Specify the data flows to be tested.

  • This parameter takes effect only when item is set to bandwidth and -s is specified, indicating that the P2P pressure test is performed.
  • Currently, only the P2P bandwidth type is supported.

    p2p: Data is transferred from the specified source device to the target device. The transfer rate and total duration are tested.

Yes

# Example of P2P stress test
ascend-dmi -dg -i bandwidth --type p2p -s
Figure 16 P2P stress test example

Output parameters:

  • PASS: The stress test is passed, and the result is normal.
  • SKIP: The current device does not support the P2P stress test.
  • EMERGENCY_WARN: emergency warning. The stress test fails. Contact Huawei engineers to replace the hardware.
  • FAIL: P2P stress test fails. Contact Huawei engineers.
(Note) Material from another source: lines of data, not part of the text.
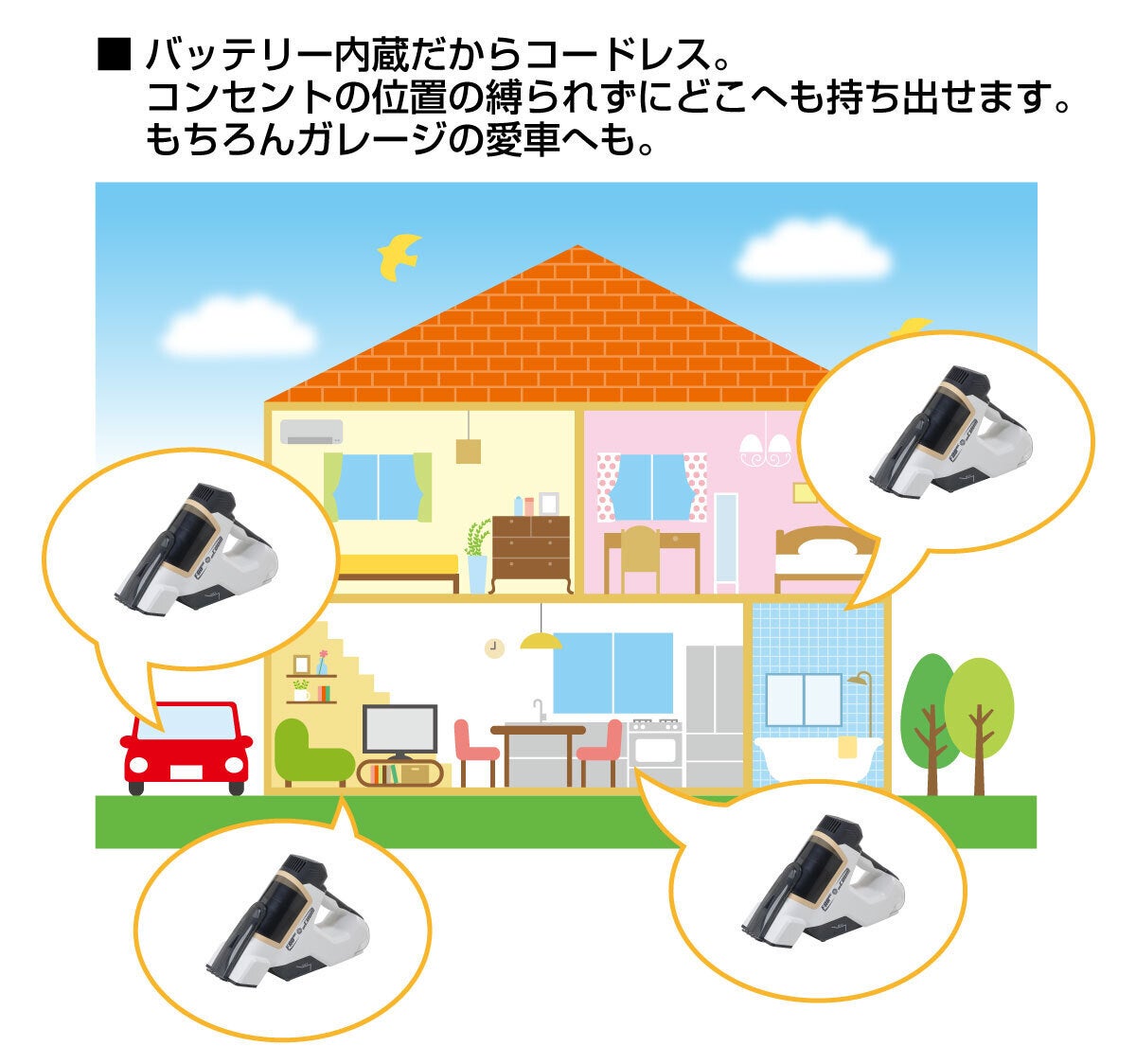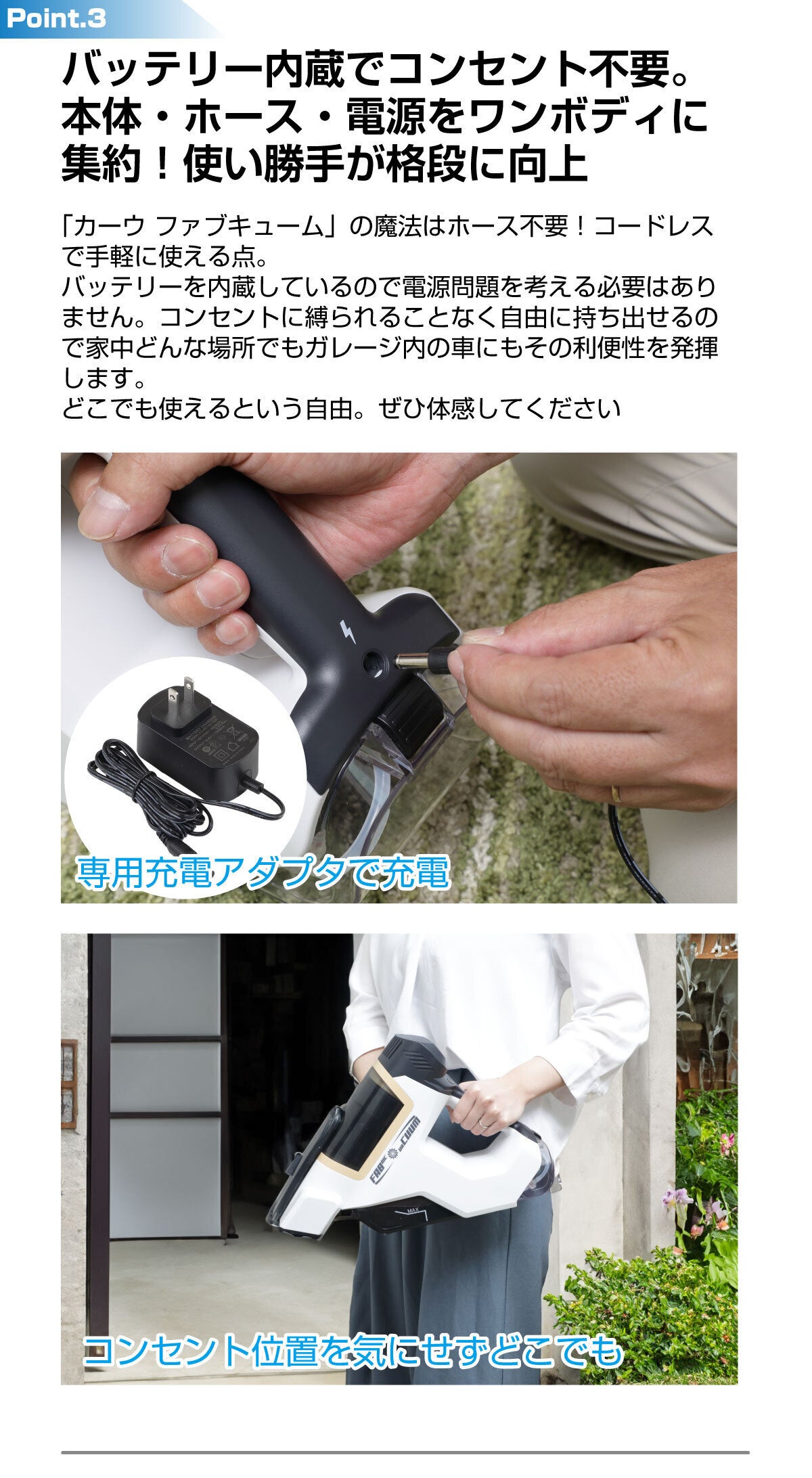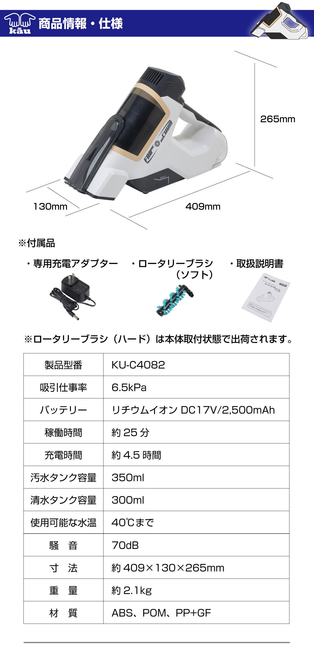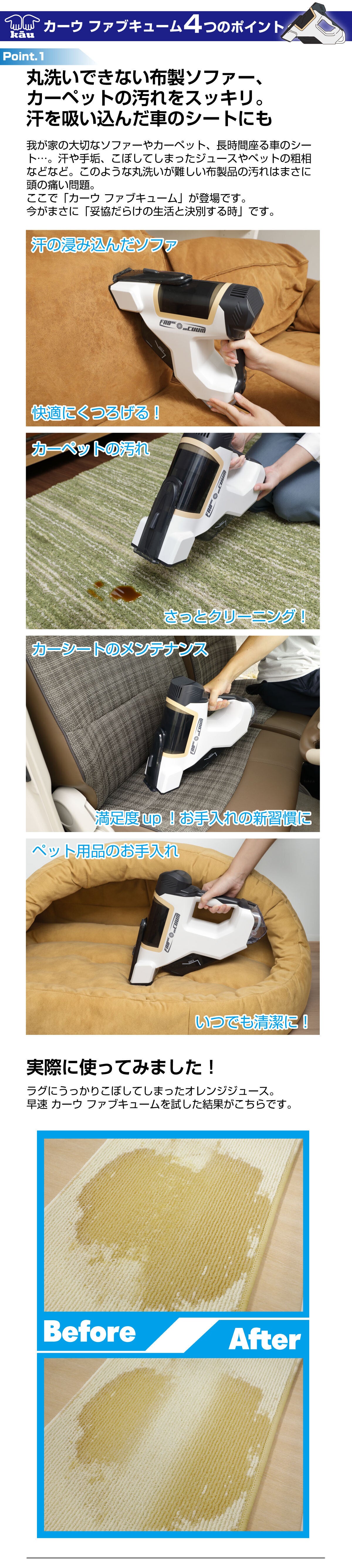 A. 最初に付属ACアダプターを使用して本体を充電してください。清水タンクに水を入れ電源ボタンを押すと動作開始します。スプレーボタンを押し汚れた部分に水をかけてから吸引してください。必要に応じてブラシボタンを押し回転ブラシを併用してください。
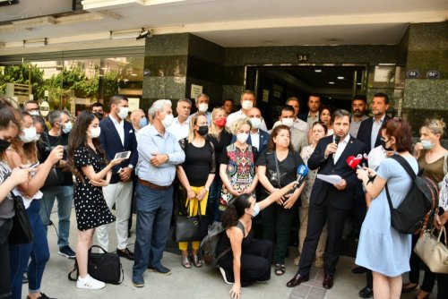 CHP İzmir İl Başkanı Deniz Yücel, il yönetimi ile birlikte Konak'taki hizmet binası önünde basın açıklaması gerçekleştirdi
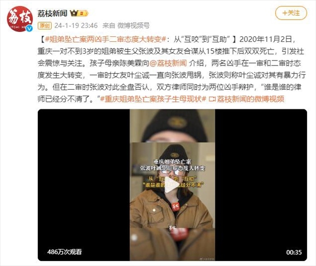 ·重慶姐弟墜亡案孩子母親陳美霖近日向媒體介紹,兩名兇手在一審和二審時(shí)態(tài)度發(fā)生大轉(zhuǎn)變,一審時(shí)女友葉塵誠一直向張波甩鍋,張波則稱葉塵誠對其有暴力行為。但在二審時(shí)張波對此全盤否認(rèn),雙方律師同時(shí)為兩位兇手辯護(hù),“誰是誰的律師已經(jīng)分不清了。”
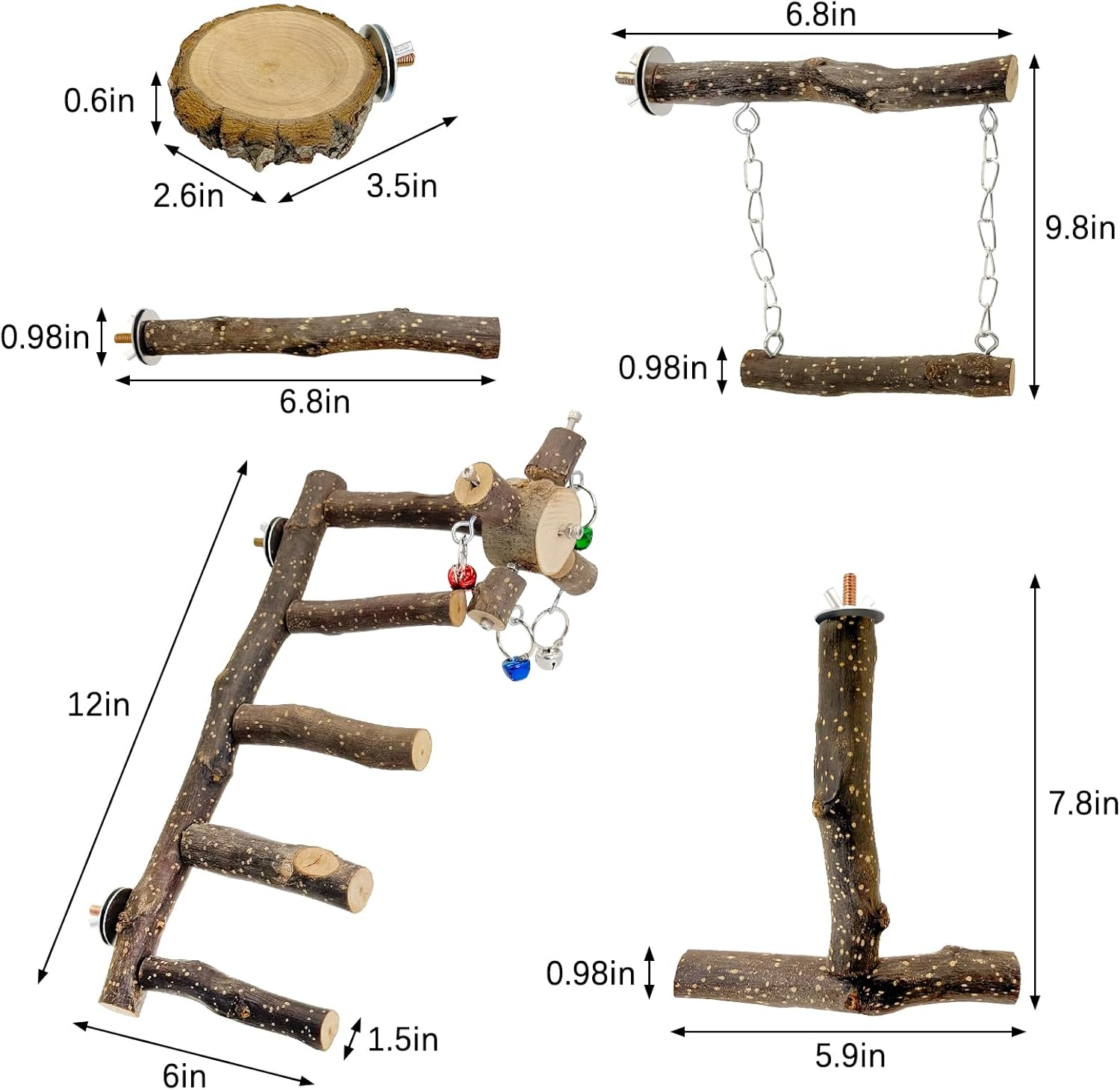• 6Pack Bird Ladder Perches: Package includes Bird ladder X 1, T Shaped Perch X 1, O Shaped Paltform X 1, Wooden Perch X 2, Bird Swing X1. Design a natural bird habitat with varied perches to support daily rest, play, and instinctive behaviors
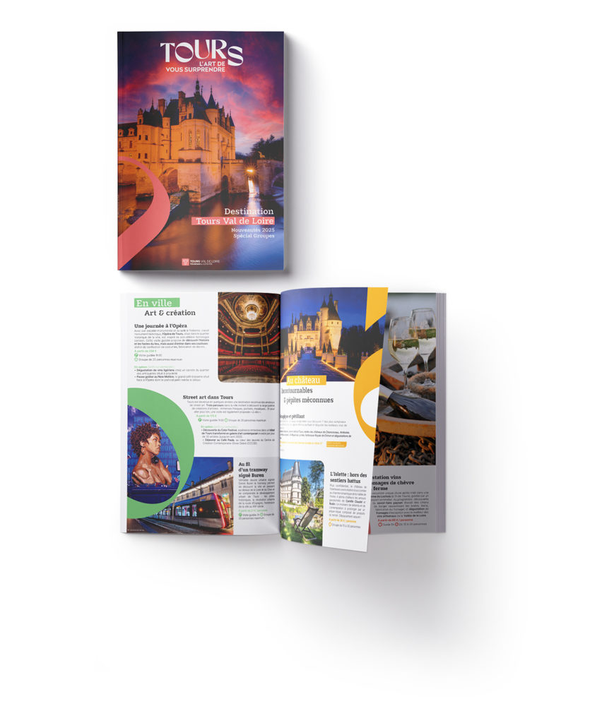 Mise en page de guides touristiques pour l’office de tourisme Tours Val de Loire

Fault Diagnosis 10: Power Consumption Stress Test

Perform the EDP/TDP power consumption stress test and output the diagnosis result.

# Example of power consumption stress test
ascend-dmi -dg -i edp -s -st 60-q
ascend-dmi -dg -i tdp -s -st 60-q
Figure 17 TDP power consumption stress test example
Figure 18 EDP power consumption stress test example

Output parameters:

  • PASS: The power consumption stress test result is normal.
  • SKIP: The current device does not support the power consumption stress test.
  • IMPORTANT_WARN: A chip alarm is generated during the stress test. Handle the alarm based on the description. If the fault persists, contact Huawei engineers.
  • FAIL: The power consumption stress test fails. Contact Huawei engineers.